# Work instructions
In the records below, find the line containing "Название 1-2.Sale: TDM" and the line containing "استقبل وزير الداخلية"; please repeat exactly the lines from one to the other, both included, and nothing more.

# Dataset extract
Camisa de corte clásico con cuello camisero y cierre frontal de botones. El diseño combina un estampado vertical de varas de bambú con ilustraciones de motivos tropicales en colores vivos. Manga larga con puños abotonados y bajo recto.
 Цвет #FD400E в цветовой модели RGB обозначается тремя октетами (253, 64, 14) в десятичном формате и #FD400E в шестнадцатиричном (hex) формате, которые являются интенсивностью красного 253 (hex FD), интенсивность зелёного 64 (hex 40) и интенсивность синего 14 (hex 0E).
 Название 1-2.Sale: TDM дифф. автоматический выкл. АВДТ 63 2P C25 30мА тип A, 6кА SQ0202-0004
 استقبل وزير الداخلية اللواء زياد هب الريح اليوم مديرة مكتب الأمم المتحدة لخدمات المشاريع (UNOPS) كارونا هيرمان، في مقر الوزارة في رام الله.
==
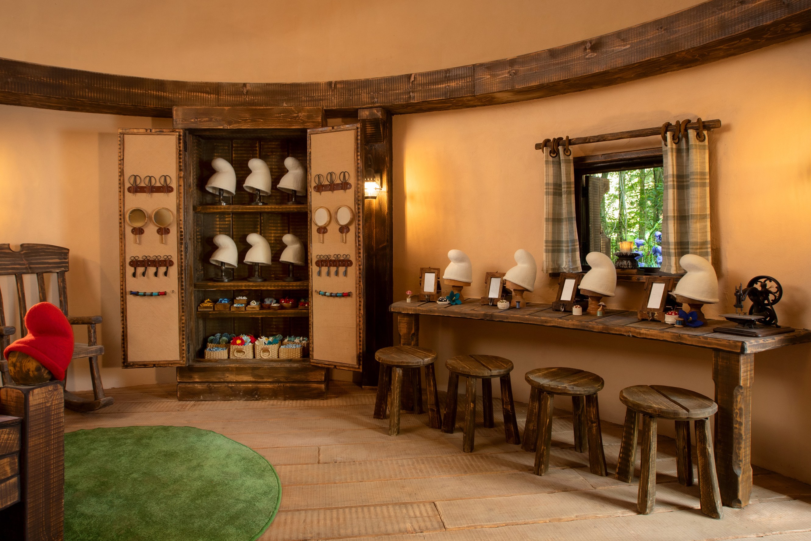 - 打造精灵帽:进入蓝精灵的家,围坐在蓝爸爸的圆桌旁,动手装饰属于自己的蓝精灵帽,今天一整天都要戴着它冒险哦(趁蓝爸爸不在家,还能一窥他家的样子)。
--
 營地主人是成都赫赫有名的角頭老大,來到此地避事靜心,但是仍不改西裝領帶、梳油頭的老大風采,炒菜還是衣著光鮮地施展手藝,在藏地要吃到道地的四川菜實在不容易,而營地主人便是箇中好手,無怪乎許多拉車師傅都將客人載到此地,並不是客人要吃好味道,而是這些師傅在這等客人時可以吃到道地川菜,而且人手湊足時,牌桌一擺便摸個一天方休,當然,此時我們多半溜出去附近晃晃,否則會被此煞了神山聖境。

# Answer to this exercise
 Название 1-2.Sale: TDM дифф. автоматический выкл. АВДТ 63 2P C25 30мА тип A, 6кА SQ0202-0004
 استقبل وزير الداخلية اللواء زياد هب الريح اليوم مديرة مكتب الأمم المتحدة لخدمات المشاريع (UNOPS) كارونا هيرمان، في مقر الوزارة في رام الله.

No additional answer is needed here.